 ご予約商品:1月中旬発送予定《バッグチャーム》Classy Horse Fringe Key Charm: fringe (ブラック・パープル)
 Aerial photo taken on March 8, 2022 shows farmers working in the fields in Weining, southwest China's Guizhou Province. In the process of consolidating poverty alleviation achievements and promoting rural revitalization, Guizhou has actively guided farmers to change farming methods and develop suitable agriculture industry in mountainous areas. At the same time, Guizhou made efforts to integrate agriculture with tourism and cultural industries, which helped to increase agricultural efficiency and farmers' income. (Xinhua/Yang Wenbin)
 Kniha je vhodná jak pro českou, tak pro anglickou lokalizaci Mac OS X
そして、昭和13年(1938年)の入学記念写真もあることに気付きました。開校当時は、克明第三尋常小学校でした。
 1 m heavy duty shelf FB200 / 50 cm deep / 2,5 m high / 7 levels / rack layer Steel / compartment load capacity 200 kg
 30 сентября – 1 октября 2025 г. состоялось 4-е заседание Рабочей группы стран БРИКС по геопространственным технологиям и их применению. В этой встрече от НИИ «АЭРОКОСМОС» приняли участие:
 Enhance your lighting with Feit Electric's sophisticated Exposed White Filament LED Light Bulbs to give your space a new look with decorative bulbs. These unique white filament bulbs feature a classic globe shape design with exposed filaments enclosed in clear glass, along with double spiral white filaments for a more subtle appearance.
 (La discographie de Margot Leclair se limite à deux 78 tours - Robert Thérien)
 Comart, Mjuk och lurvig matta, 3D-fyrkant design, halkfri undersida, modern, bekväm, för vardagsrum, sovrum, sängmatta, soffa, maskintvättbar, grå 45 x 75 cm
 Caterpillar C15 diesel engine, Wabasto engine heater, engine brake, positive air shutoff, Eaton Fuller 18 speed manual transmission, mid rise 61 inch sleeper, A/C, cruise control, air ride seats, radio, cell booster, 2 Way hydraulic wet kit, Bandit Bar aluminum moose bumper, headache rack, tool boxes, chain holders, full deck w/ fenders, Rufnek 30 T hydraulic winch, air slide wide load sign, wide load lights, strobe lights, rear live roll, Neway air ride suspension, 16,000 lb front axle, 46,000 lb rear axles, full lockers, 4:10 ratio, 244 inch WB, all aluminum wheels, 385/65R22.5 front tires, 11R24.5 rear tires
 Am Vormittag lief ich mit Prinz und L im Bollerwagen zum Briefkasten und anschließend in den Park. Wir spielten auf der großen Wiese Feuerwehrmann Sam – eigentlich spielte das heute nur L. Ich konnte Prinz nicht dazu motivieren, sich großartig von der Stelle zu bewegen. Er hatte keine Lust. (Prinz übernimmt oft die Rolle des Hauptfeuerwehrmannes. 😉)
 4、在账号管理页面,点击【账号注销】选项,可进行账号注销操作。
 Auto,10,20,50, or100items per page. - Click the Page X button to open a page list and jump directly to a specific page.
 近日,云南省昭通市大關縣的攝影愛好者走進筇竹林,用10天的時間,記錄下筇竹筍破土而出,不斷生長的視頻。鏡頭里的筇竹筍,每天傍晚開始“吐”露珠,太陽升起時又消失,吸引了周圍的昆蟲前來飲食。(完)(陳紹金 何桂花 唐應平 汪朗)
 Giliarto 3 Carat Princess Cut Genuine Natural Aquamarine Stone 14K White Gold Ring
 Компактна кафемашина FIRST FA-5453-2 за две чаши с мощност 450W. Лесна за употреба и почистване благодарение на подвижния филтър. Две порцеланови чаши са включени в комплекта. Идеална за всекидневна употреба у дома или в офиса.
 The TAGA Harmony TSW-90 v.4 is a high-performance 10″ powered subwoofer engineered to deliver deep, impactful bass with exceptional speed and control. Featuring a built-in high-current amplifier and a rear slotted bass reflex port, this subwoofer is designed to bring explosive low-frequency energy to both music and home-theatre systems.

What to do
Look through the material above and print exactly the lines from the one containing "(La discographie de" to the one containing "Caterpillar C15 diesel", both included, and nothing more.

Answer for the task
 (La discographie de Margot Leclair se limite à deux 78 tours - Robert Thérien)
 Comart, Mjuk och lurvig matta, 3D-fyrkant design, halkfri undersida, modern, bekväm, för vardagsrum, sovrum, sängmatta, soffa, maskintvättbar, grå 45 x 75 cm
 Caterpillar C15 diesel engine, Wabasto engine heater, engine brake, positive air shutoff, Eaton Fuller 18 speed manual transmission, mid rise 61 inch sleeper, A/C, cruise control, air ride seats, radio, cell booster, 2 Way hydraulic wet kit, Bandit Bar aluminum moose bumper, headache rack, tool boxes, chain holders, full deck w/ fenders, Rufnek 30 T hydraulic winch, air slide wide load sign, wide load lights, strobe lights, rear live roll, Neway air ride suspension, 16,000 lb front axle, 46,000 lb rear axles, full lockers, 4:10 ratio, 244 inch WB, all aluminum wheels, 385/65R22.5 front tires, 11R24.5 rear tires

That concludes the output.